◆ **ENTRIES SUPPLIED**
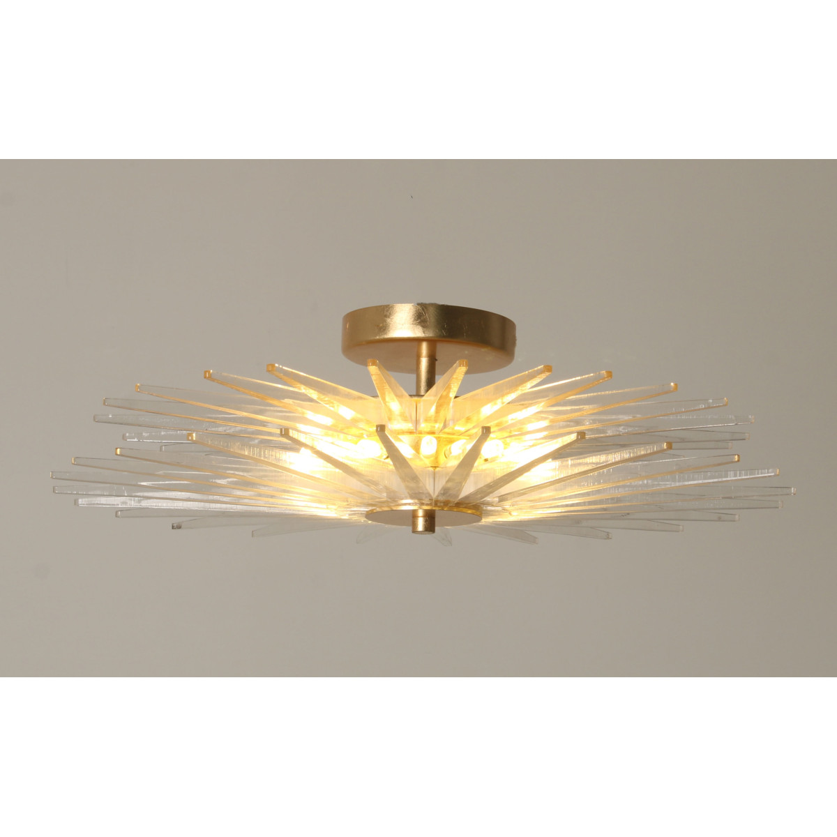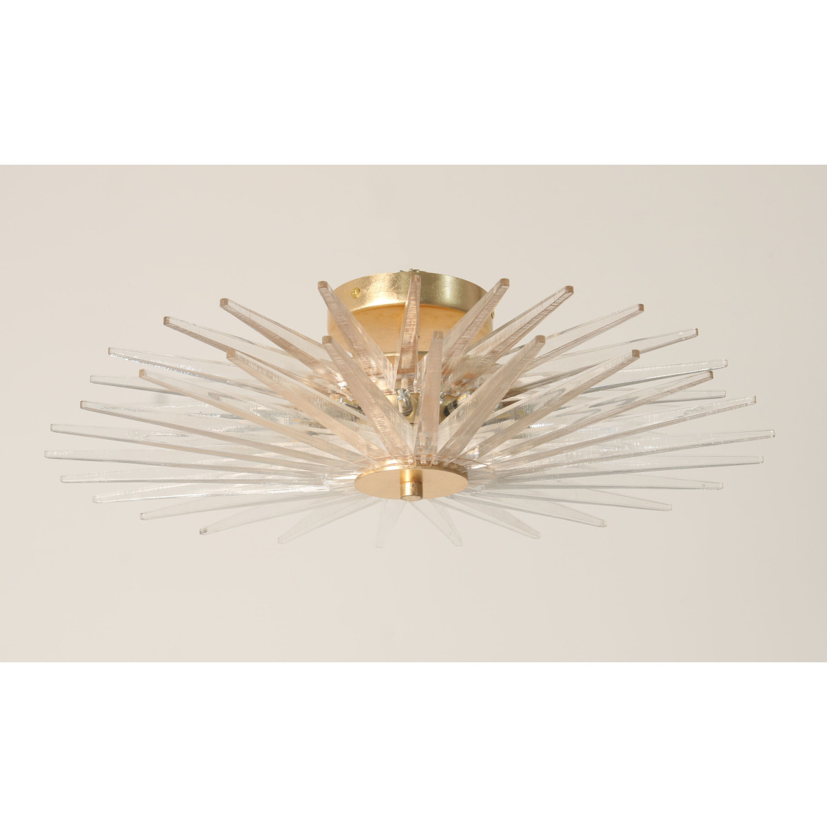 This Outstanding Venetian Flush Mount Chandelier literally draws in your sense of touch with Acrylic. Designed to look like a shiny star created by Mother Nature’s wondrous, this piece is one piece that will not only stand out but will provide an encompassing warming aura with its welcoming glow. Many decades of research and experimentation has led to the development of many exquisite Acrylic finish options, including ribbed with slight obscurity, and the clean look of the crystal cones. These can be created as hollow tubes to avoid weight issues. At Alan Mizrahi Lighting Design, we supply and manufacture many highly sought after designer pieces, All Chandelier can be customized by a number of lights, style, color and size to meet your specific needs. Every chandelier can also be combined with a matching table lamp and wall lamp to accomplish the best room design. Our company provides collections that can make all your project dreams come true.
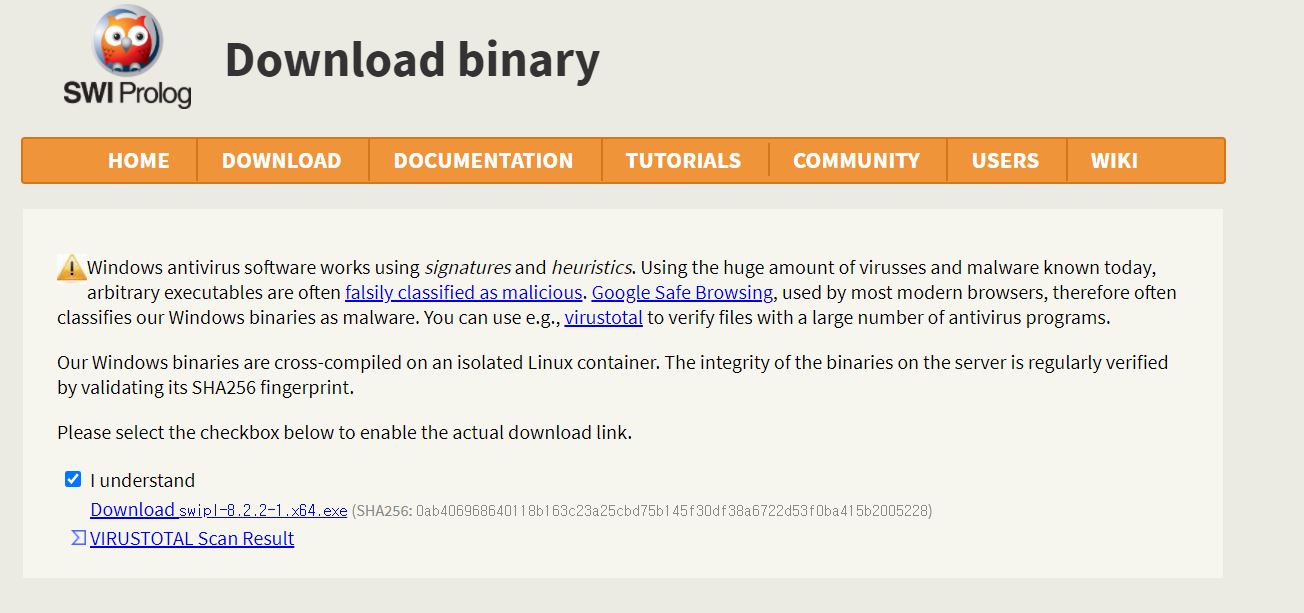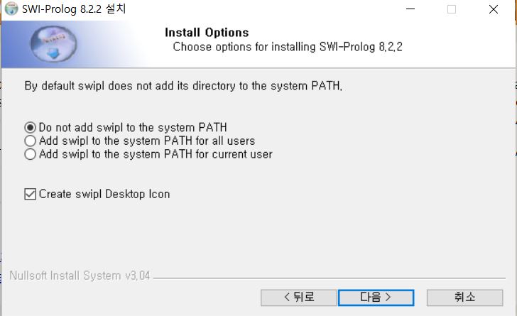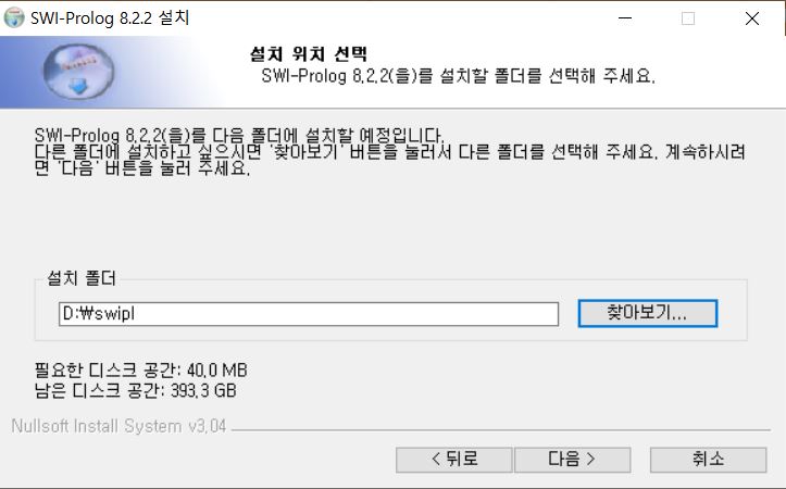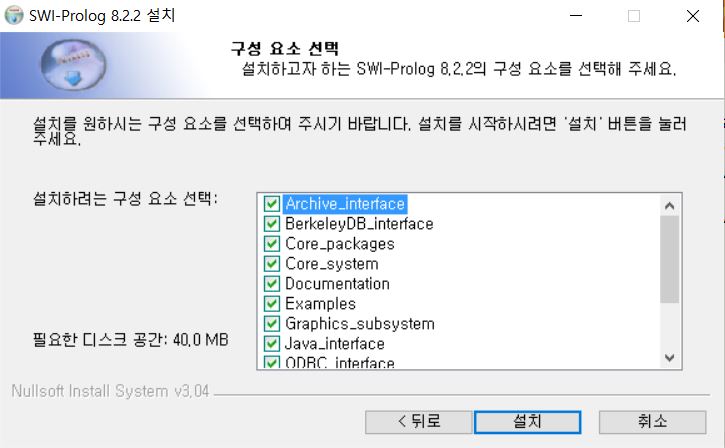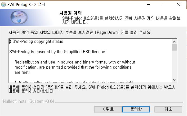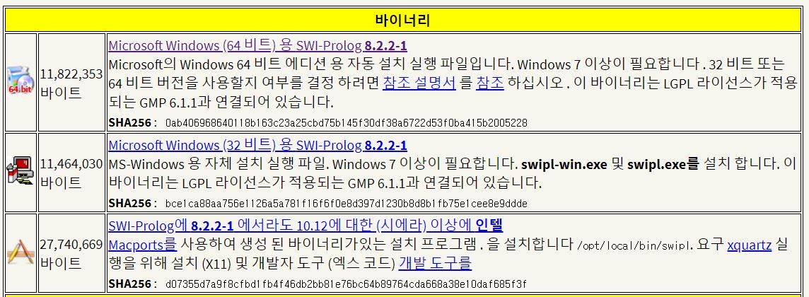 본인의 환경에 맞게 다운받으시면 됩니다. 저는 윈도우에서 사용할 것이기 때문에 Microsof Windows (64비트) 용 SWI-Prolog 8.2.2-1을 다운로드 받았습니다.
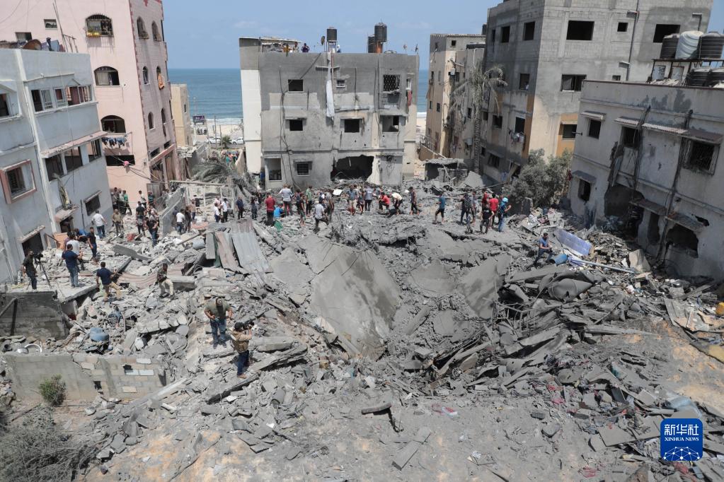 8月6日,人們在加沙城查看空襲后的廢墟。
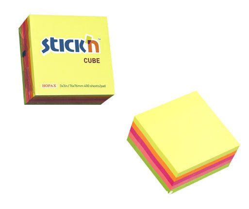 "Muistilappukuutiossa on 400 muistilappua viidessä neonvärissä. Yhden lapun koko on 76 x 76 mm."
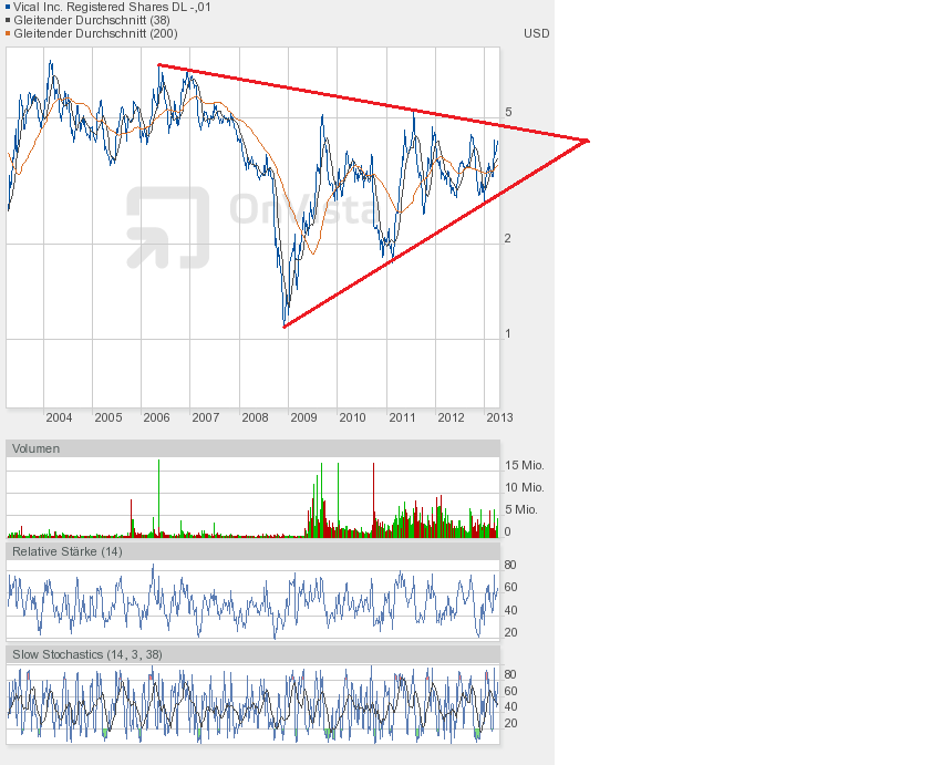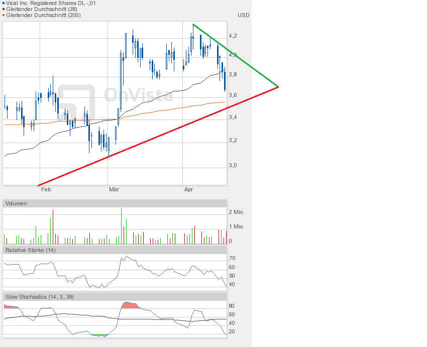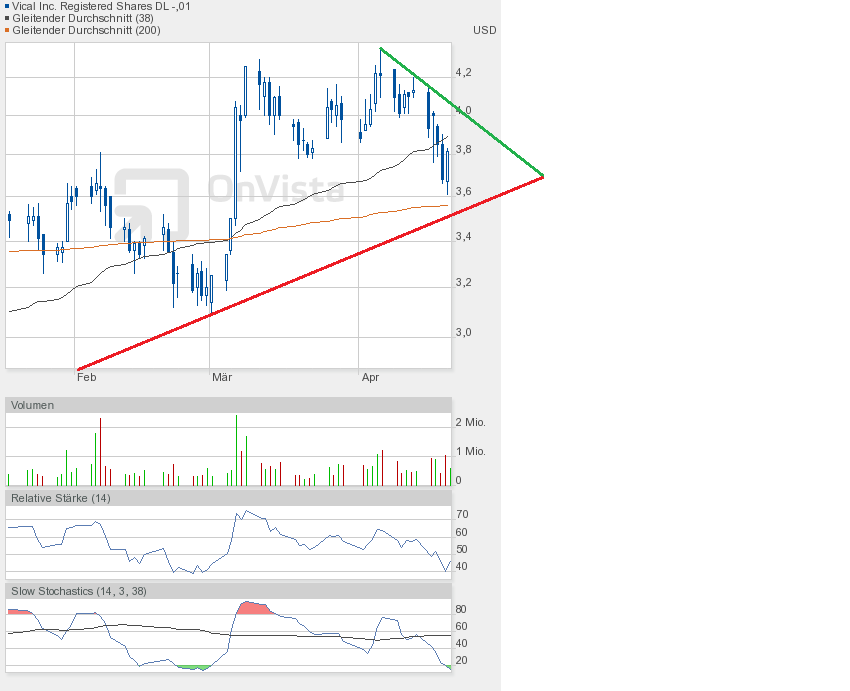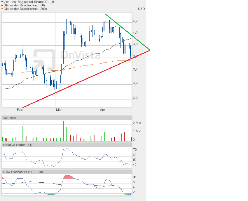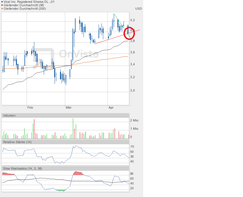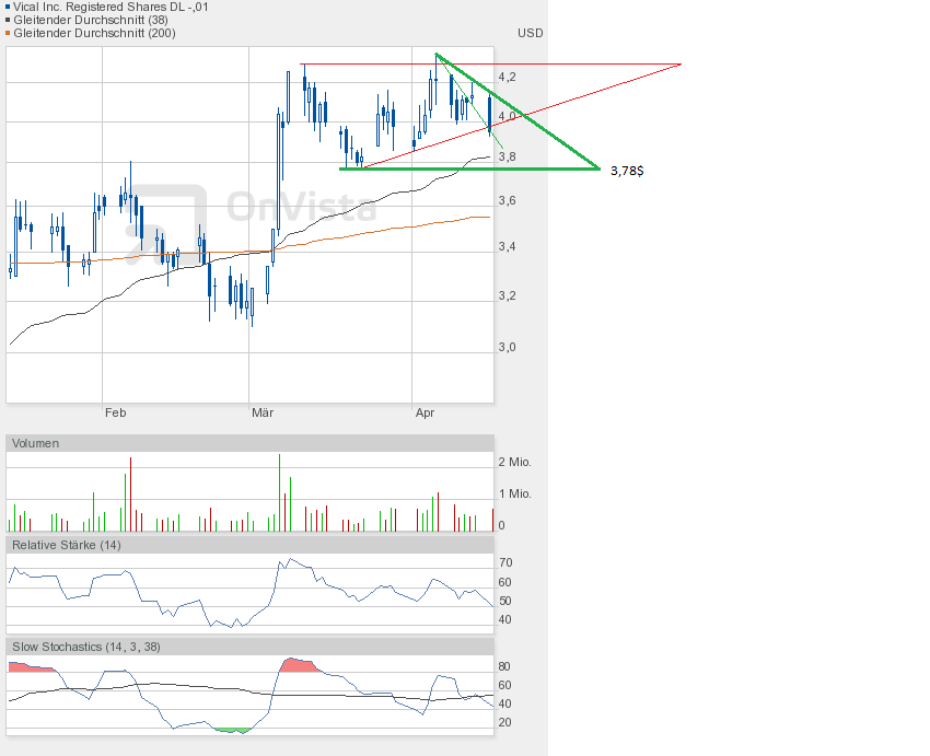 Kurz nach meinem letzten Beitrag fiel Vical wieder unter 4,30$ zurück. Es ging sogar bis auf Tagestief von 4,09$ nach unten. Am Ende sahen wir eine genauso schnelle Erholung. So schloss die Aktie nahezu unverändert bei 4,21$. Wie erwartet stieg das Volumen noch weiter an, 1,2Mio Aktien bei einer Handelsspanne von etwa 7%.
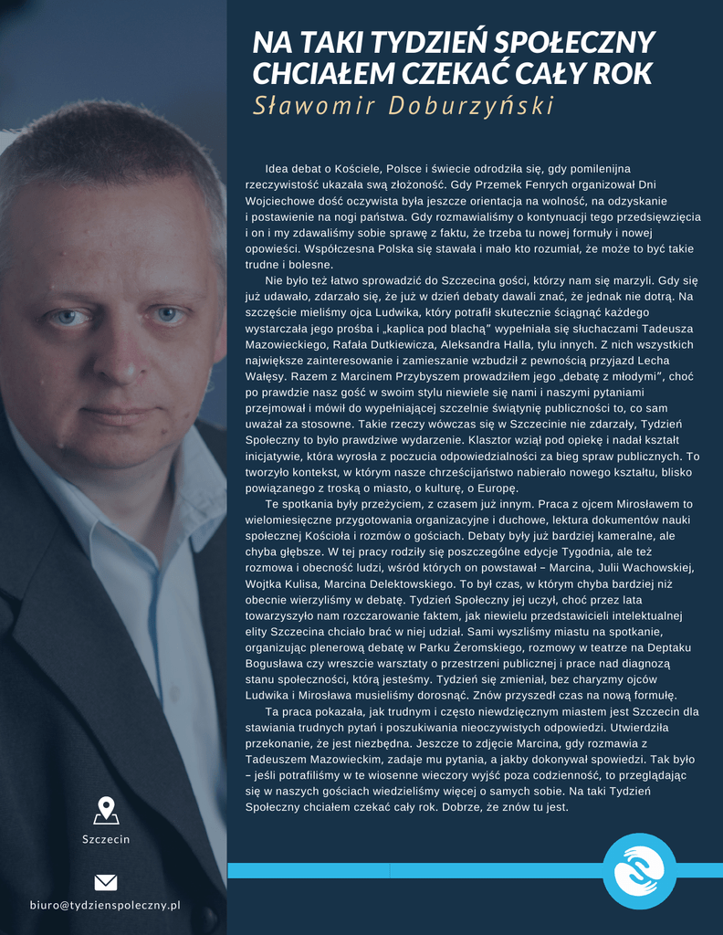 NA TAKI TYDZIEŃ SPOŁECZNY CHCIAŁEM CZEKAĆ CAŁY ROK Sławomir Doburzyński Idea debat o Kościele, Polsce i świecie odrodziła się, gdy pomilenijna rzeczywistość ukazała swą złożoność. Gdy Przemek Fenrych organizował Dni Wojciechowe dość oczywista była jeszcze orientacja na wolność, na odzyskanie i postawienie na nogi państwa. Gdy rozmawialiśmy o kontynuacji tego przedsięwzięcia i on i my zdawaliśmy sobie sprawę z faktu, że trzeba tu nowej formuły i nowej opowieści. Współczesna Polska się stawała i mało kto rozumiał, że może to być takie trudne i bolesne. Nie było też łatwo sprowadzić do Szczecina gości, którzy nam się marzyli. Gdy się już udawało, zdarzało się, że już w dzień debaty dawali znać, że jednak nie dotrą. Na szczęście mieliśmy ojca Ludwika, który potrafił skutecznie ściągnąć każdego wystarczała jego prośba i „kaplica pod blachą” wypełniała się słuchaczami Tadeusza Mazowieckiego, Rafała Dutkiewicza, Aleksandra Halla, tylu innych. Z nich wszystkich największe zainteresowanie i zamieszanie wzbudził z pewnością przyjazd Lecha Wałęsy. Razem z Marcinem Przybyszem prowadziłem jego „debatę z młodymi”, choć po prawdzie nasz gość w swoim stylu niewiele się nami i naszymi pytaniami przejmował i mówił do wypełniającej szczelnie świątynię publiczności to, co sam uważał za stosowne. Takie rzeczy wówczas się w Szczecinie nie zdarzały, Tydzień Społeczny to było prawdziwe wydarzenie. Klasztor wziął pod opiekę i nadał kształt inicjatywie, która wyrosła z poczucia odpowiedzialności za bieg spraw publicznych. To tworzyło kontekst, w którym nasze chrześcijaństwo nabierało nowego kształtu, blisko powiązanego z troską o miasto, o kulturę, o Europę. Te spotkania były przeżyciem, z czasem już innym. Praca z ojcem Mirosławem to wielomiesięczne przygotowania organizacyjne i duchowe, lektura dokumentów nauki społecznej Kościoła i rozmów o gościach. Debaty były już bardziej kameralne, ale chyba głębsze. W tej pracy rodziły się poszczególne edycje Tygodnia, ale też rozmowa i obecność ludzi, wśród których on powstawał – Marcina, Julii Wachowskiej, Wojtka Kulisa, Marcina Delektowskiego. To był czas, w którym chyba bardziej niż obecnie wierzyliśmy w debatę. Tydzień Społeczny jej uczył, choć przez lata towarzyszyło nam rozczarowanie faktem, jak niewielu przedstawicieli intelektualnej elity Szczecina chciało brać w niej udział. Sami wyszliśmy miastu na spotkanie, organizując plenerową debatę w Parku Żeromskiego, rozmowy w teatrze na Deptaku Bogusława czy wreszcie warsztaty o przestrzeni publicznej i prace nad diagnozą stanu społeczności, którą jesteśmy. Tydzień się zmieniał, bez charyzmy ojców Ludwika i Mirosława musieliśmy dorosnąć. Znów przyszedł czas na nową formułę. Ta praca pokazała, jak trudnym i często niewdzięcznym miastem jest Szczecin dla stawiania trudnych pytań i poszukiwania nieoczywistych odpowiedzi. Utwierdziła przekonanie, że jest niezbędna. Jeszcze to zdjęcie Marcina, gdy rozmawia z Tadeuszem Mazowieckim, zadaje mu pytania, a jakby dokonywał spowiedzi. Tak było – jeśli potrafiliśmy w te wiosenne wieczory wyjść poza codzienność, to przeglądając się w naszych gościach wiedzieliśmy więcej o samych sobie. Na taki Tydzień Społeczny chciałem czekać cały rok. Dobrze, że znów tu jest. Szczecin [email protected]

◆ **PROBLEM TO SOLVE**
Without the images, output all the entries exactly as they stand.

◆ **RESULT**
 This Outstanding Venetian Flush Mount Chandelier literally draws in your sense of touch with Acrylic. Designed to look like a shiny star created by Mother Nature’s wondrous, this piece is one piece that will not only stand out but will provide an encompassing warming aura with its welcoming glow. Many decades of research and experimentation has led to the development of many exquisite Acrylic finish options, including ribbed with slight obscurity, and the clean look of the crystal cones. These can be created as hollow tubes to avoid weight issues. At Alan Mizrahi Lighting Design, we supply and manufacture many highly sought after designer pieces, All Chandelier can be customized by a number of lights, style, color and size to meet your specific needs. Every chandelier can also be combined with a matching table lamp and wall lamp to accomplish the best room design. Our company provides collections that can make all your project dreams come true.
 본인의 환경에 맞게 다운받으시면 됩니다. 저는 윈도우에서 사용할 것이기 때문에 Microsof Windows (64비트) 용 SWI-Prolog 8.2.2-1을 다운로드 받았습니다.
 8月6日,人們在加沙城查看空襲后的廢墟。
 "Muistilappukuutiossa on 400 muistilappua viidessä neonvärissä. Yhden lapun koko on 76 x 76 mm."
 Kurz nach meinem letzten Beitrag fiel Vical wieder unter 4,30$ zurück. Es ging sogar bis auf Tagestief von 4,09$ nach unten. Am Ende sahen wir eine genauso schnelle Erholung. So schloss die Aktie nahezu unverändert bei 4,21$. Wie erwartet stieg das Volumen noch weiter an, 1,2Mio Aktien bei einer Handelsspanne von etwa 7%.
 NA TAKI TYDZIEŃ SPOŁECZNY CHCIAŁEM CZEKAĆ CAŁY ROK Sławomir Doburzyński Idea debat o Kościele, Polsce i świecie odrodziła się, gdy pomilenijna rzeczywistość ukazała swą złożoność. Gdy Przemek Fenrych organizował Dni Wojciechowe dość oczywista była jeszcze orientacja na wolność, na odzyskanie i postawienie na nogi państwa. Gdy rozmawialiśmy o kontynuacji tego przedsięwzięcia i on i my zdawaliśmy sobie sprawę z faktu, że trzeba tu nowej formuły i nowej opowieści. Współczesna Polska się stawała i mało kto rozumiał, że może to być takie trudne i bolesne. Nie było też łatwo sprowadzić do Szczecina gości, którzy nam się marzyli. Gdy się już udawało, zdarzało się, że już w dzień debaty dawali znać, że jednak nie dotrą. Na szczęście mieliśmy ojca Ludwika, który potrafił skutecznie ściągnąć każdego wystarczała jego prośba i „kaplica pod blachą” wypełniała się słuchaczami Tadeusza Mazowieckiego, Rafała Dutkiewicza, Aleksandra Halla, tylu innych. Z nich wszystkich największe zainteresowanie i zamieszanie wzbudził z pewnością przyjazd Lecha Wałęsy. Razem z Marcinem Przybyszem prowadziłem jego „debatę z młodymi”, choć po prawdzie nasz gość w swoim stylu niewiele się nami i naszymi pytaniami przejmował i mówił do wypełniającej szczelnie świątynię publiczności to, co sam uważał za stosowne. Takie rzeczy wówczas się w Szczecinie nie zdarzały, Tydzień Społeczny to było prawdziwe wydarzenie. Klasztor wziął pod opiekę i nadał kształt inicjatywie, która wyrosła z poczucia odpowiedzialności za bieg spraw publicznych. To tworzyło kontekst, w którym nasze chrześcijaństwo nabierało nowego kształtu, blisko powiązanego z troską o miasto, o kulturę, o Europę. Te spotkania były przeżyciem, z czasem już innym. Praca z ojcem Mirosławem to wielomiesięczne przygotowania organizacyjne i duchowe, lektura dokumentów nauki społecznej Kościoła i rozmów o gościach. Debaty były już bardziej kameralne, ale chyba głębsze. W tej pracy rodziły się poszczególne edycje Tygodnia, ale też rozmowa i obecność ludzi, wśród których on powstawał – Marcina, Julii Wachowskiej, Wojtka Kulisa, Marcina Delektowskiego. To był czas, w którym chyba bardziej niż obecnie wierzyliśmy w debatę. Tydzień Społeczny jej uczył, choć przez lata towarzyszyło nam rozczarowanie faktem, jak niewielu przedstawicieli intelektualnej elity Szczecina chciało brać w niej udział. Sami wyszliśmy miastu na spotkanie, organizując plenerową debatę w Parku Żeromskiego, rozmowy w teatrze na Deptaku Bogusława czy wreszcie warsztaty o przestrzeni publicznej i prace nad diagnozą stanu społeczności, którą jesteśmy. Tydzień się zmieniał, bez charyzmy ojców Ludwika i Mirosława musieliśmy dorosnąć. Znów przyszedł czas na nową formułę. Ta praca pokazała, jak trudnym i często niewdzięcznym miastem jest Szczecin dla stawiania trudnych pytań i poszukiwania nieoczywistych odpowiedzi. Utwierdziła przekonanie, że jest niezbędna. Jeszcze to zdjęcie Marcina, gdy rozmawia z Tadeuszem Mazowieckim, zadaje mu pytania, a jakby dokonywał spowiedzi. Tak było – jeśli potrafiliśmy w te wiosenne wieczory wyjść poza codzienność, to przeglądając się w naszych gościach wiedzieliśmy więcej o samych sobie. Na taki Tydzień Społeczny chciałem czekać cały rok. Dobrze, że znów tu jest. Szczecin [email protected]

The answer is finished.